Cull has dated his painting 1928 and in command of HMS TIGER then was Captain Walter Lake CB RN. In the autumn of that year he retired from the Service and was relieved by Captain Kenneth Dewar CBE who had been in command of the battleship HMS ROYAL OAK in the Mediterranean Fleet when he had become involved in what became known as the Royal Oak courts martial......
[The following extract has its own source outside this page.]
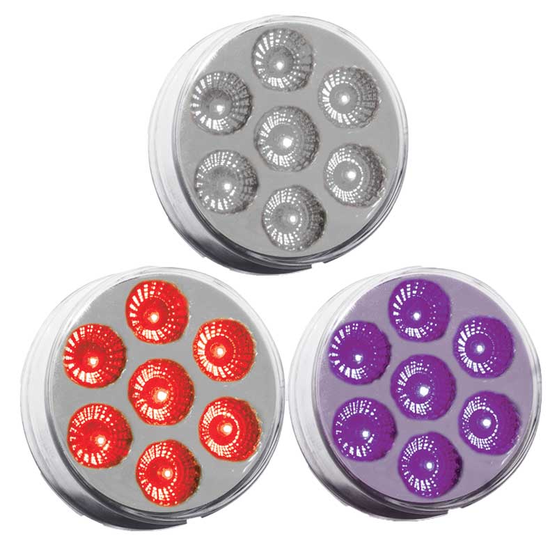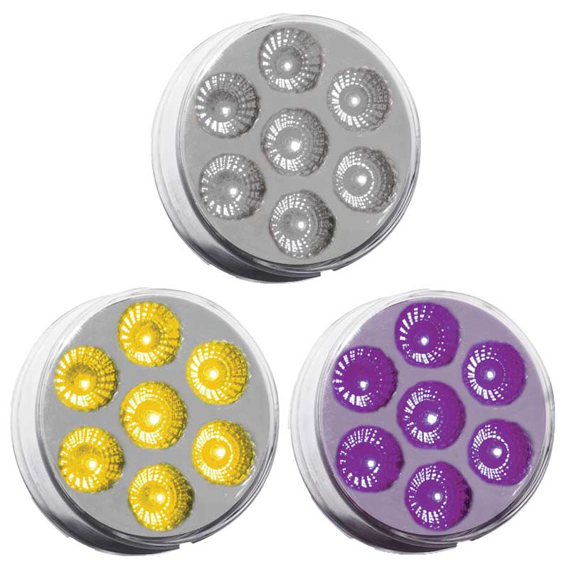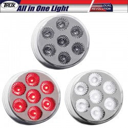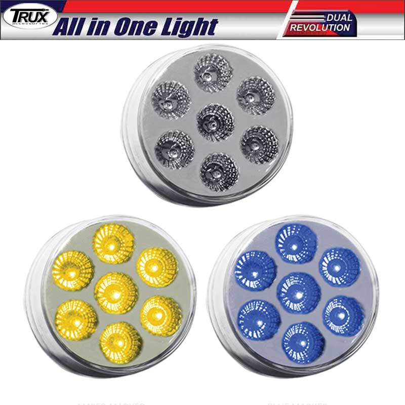 Trux Accessories - 2 Inch 7 LED Dual Revolution in 3 Variations - All in One Light. Fits 2 Inch Standard Grommet. Installs with Standard - 2 Prong Pigtail and Extra Wire with Male Bullet Plug for Blue - Amber OR Red Marker with Blue Marker - Amber OR Red Marker with Purple Marker - Amber OR Red Marker with Green Marker - Amber Marker with Red Marker - Amber Marker with White Marker- 2 Inch Diameter - 7 LEDs - Dual Revolution LED Light Series - Two Different Colors with Two Different Applications in One Light - Fits Most Makes and Models
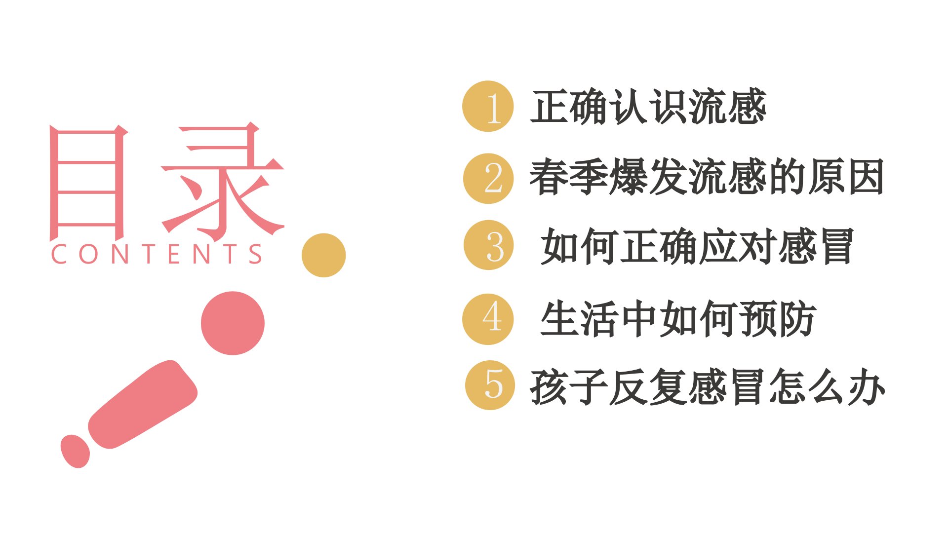 流行性感冒简称流感由流行性感冒病毒引起多在春季和冬季爆发经空气飞沫传播起病急骤全身中毒症状明显年老、体弱、婴幼儿易并发肺炎。儿童在春季易感冒与气温变化、免疫力低有关。正确应对感冒不应盲目吃消炎药、捂汗或一发烧就吃退烧药而应冷敷、多喝水。对于不满三个月的婴儿出现体温过高、拒绝喝水、排尿少、口腔干燥等症状时要及时就医。孩子反复感冒临床上02岁儿童一年之内发生上呼吸道感染超7次36岁超6次即称为反复呼吸道感染多因脾虚肺热、食积必须彻底清除才能防止感冒反复发作。儿童感冒发热饮食减少感冒好后家长给孩子大量补充营养易形成食积导致食复这是好多孩子反复感冒的原因。应对食复推荐使用复方丁香开胃贴可健脾开胃、燥湿和中、调气导滞。预防治疗儿童反复呼吸道感染要注重健脾开胃也可进行简单的推拿保健。

This beautiful battle cruiser who joined the Grand Fleet on 6th November 1914 having been rushed to completion by her builders on the Clyde, John Brown, was the last of the Royal Navy’s pre-war battle cruisers and was also regarded by those in the fleet as the best.  Captain Henry Pelly, her first captain, was under considerable pressure from the Commander-in-Chief to get his new ship shaken down and worked up as quickly as possible so that she could take her place in the line and its certainly true that TIGER had her fair share of mishaps during her first few rushed months at sea with the Grand Fleet. At the Battle of Dogger Bank she was hit heavily on B turret and the bridge structure and had 10 killed; and at Jutland she took 21 hits with 24 killed and 37 wounded but she was back in service and ready for sea again within a month of returning from the battle, proof of a solid ship stoutly built. With an overall length of some 700 feet and a full load displacement of 28, 500 tons she was coal and oil fired, her 39 boilers producing some 108,000 shaft horsepower which gave her an impressive speed of 29 knots plus when at full chat - and an appetite for coal of over 1,500 tons per 24 hours when steaming hard!

Like all other capital ships during the Great War she was heavily worked and when a form of peace finally came to Europe she was taken in hand for a refit during which she was fitted with a mainmast.  Some thought this spoilt her appearance whilst others argued it made her appear more symmetrical.  She spent much of the 1920s in a training role or in high readiness Reserve and her chance came to return to full commission in 1928 when she replaced her fellow battle cruiser HMS HOOD  who was required to enter dockyard hands for a refit: the Battle Cruiser Squadron thus consisted of RENOWN, REPULSE and TIGER.  But the Washington Treaty finally did for her and when HOOD re-commissioned old TIGER finally paid off  for the last time. Rear Admiral Dudley Pound (Rear Admiral Commanding the Battle Cruiser Squadron (ACQ)), shifted his flag from RENOWN to TIGER as she entered Plymouth for the last time on 30 March 1931 to pay off for disposal, a gesture of respect to the veteran battle cruiser that we are told was deeply appreciated by the TIGERs as never in her short life of some eighteen years had she been a flagship.